Beneath this line are the data; copy exactly the part of them that opens with the line containing "Baderommet er innredet - separat WC." and closes with the line containing "17.10.2011 > > >", and only that part.

(Records shown begins)

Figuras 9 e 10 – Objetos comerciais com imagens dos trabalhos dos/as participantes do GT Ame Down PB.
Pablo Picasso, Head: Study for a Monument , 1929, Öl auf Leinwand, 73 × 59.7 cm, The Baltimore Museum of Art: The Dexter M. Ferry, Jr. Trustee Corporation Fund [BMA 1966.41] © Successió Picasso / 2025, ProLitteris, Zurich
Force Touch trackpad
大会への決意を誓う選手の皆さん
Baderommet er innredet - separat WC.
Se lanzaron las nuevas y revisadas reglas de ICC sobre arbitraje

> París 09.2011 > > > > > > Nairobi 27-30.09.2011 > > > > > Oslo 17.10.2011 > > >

(Records shown ends)
(Records shown begins)

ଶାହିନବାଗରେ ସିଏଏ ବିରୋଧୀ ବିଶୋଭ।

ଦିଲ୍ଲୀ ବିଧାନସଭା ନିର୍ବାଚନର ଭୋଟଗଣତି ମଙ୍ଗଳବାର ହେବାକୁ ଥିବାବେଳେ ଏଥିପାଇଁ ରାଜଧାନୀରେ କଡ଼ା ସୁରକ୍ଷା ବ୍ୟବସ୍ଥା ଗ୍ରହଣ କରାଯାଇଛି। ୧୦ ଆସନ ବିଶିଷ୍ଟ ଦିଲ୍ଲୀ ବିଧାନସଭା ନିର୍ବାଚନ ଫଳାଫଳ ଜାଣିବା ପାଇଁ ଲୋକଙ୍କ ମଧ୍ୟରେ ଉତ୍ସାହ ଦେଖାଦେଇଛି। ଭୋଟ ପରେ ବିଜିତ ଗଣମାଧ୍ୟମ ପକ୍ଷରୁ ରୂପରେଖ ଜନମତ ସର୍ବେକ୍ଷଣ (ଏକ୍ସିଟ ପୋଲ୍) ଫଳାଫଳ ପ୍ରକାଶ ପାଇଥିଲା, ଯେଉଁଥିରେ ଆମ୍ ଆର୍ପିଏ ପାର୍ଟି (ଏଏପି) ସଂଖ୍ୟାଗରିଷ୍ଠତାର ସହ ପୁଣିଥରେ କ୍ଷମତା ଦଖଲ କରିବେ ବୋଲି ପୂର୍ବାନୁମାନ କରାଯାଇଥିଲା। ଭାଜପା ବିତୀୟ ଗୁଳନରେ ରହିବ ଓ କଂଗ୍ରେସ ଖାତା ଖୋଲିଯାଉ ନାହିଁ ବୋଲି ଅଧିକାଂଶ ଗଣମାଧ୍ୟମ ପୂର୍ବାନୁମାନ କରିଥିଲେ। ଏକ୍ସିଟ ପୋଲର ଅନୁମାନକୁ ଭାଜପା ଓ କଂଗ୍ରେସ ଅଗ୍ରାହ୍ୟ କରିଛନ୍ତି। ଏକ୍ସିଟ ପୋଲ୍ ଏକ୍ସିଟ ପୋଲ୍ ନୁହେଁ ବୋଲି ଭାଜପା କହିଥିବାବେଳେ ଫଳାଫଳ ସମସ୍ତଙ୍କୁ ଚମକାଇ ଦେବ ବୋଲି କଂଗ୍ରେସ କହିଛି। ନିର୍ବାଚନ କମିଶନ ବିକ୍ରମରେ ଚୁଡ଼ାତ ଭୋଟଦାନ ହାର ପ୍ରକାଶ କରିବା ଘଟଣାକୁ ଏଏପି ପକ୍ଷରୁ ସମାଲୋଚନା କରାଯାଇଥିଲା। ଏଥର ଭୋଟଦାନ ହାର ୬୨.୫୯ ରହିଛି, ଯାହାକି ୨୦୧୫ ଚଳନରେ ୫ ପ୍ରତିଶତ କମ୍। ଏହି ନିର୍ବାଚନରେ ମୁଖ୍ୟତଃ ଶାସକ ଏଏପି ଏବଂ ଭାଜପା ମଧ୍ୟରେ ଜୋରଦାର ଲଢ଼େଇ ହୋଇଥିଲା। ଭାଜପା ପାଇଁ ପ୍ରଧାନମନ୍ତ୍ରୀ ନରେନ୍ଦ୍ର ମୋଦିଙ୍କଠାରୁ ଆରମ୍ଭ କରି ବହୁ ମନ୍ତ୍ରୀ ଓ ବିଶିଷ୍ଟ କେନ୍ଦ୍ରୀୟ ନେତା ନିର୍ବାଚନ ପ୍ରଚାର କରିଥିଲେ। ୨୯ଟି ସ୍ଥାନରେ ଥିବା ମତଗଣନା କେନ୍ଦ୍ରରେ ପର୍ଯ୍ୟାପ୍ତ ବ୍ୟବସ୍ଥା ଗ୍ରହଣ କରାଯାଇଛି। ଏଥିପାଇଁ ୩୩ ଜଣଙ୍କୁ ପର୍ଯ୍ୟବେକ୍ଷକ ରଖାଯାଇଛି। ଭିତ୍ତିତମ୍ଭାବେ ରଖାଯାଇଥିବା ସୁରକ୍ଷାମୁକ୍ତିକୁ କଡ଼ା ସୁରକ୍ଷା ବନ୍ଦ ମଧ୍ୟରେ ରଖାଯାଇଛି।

(Records shown ends)

• [Result]:
Baderommet er innredet - separat WC.
Se lanzaron las nuevas y revisadas reglas de ICC sobre arbitraje

> París 09.2011 > > > > > > Nairobi 27-30.09.2011 > > > > > Oslo 17.10.2011 > > >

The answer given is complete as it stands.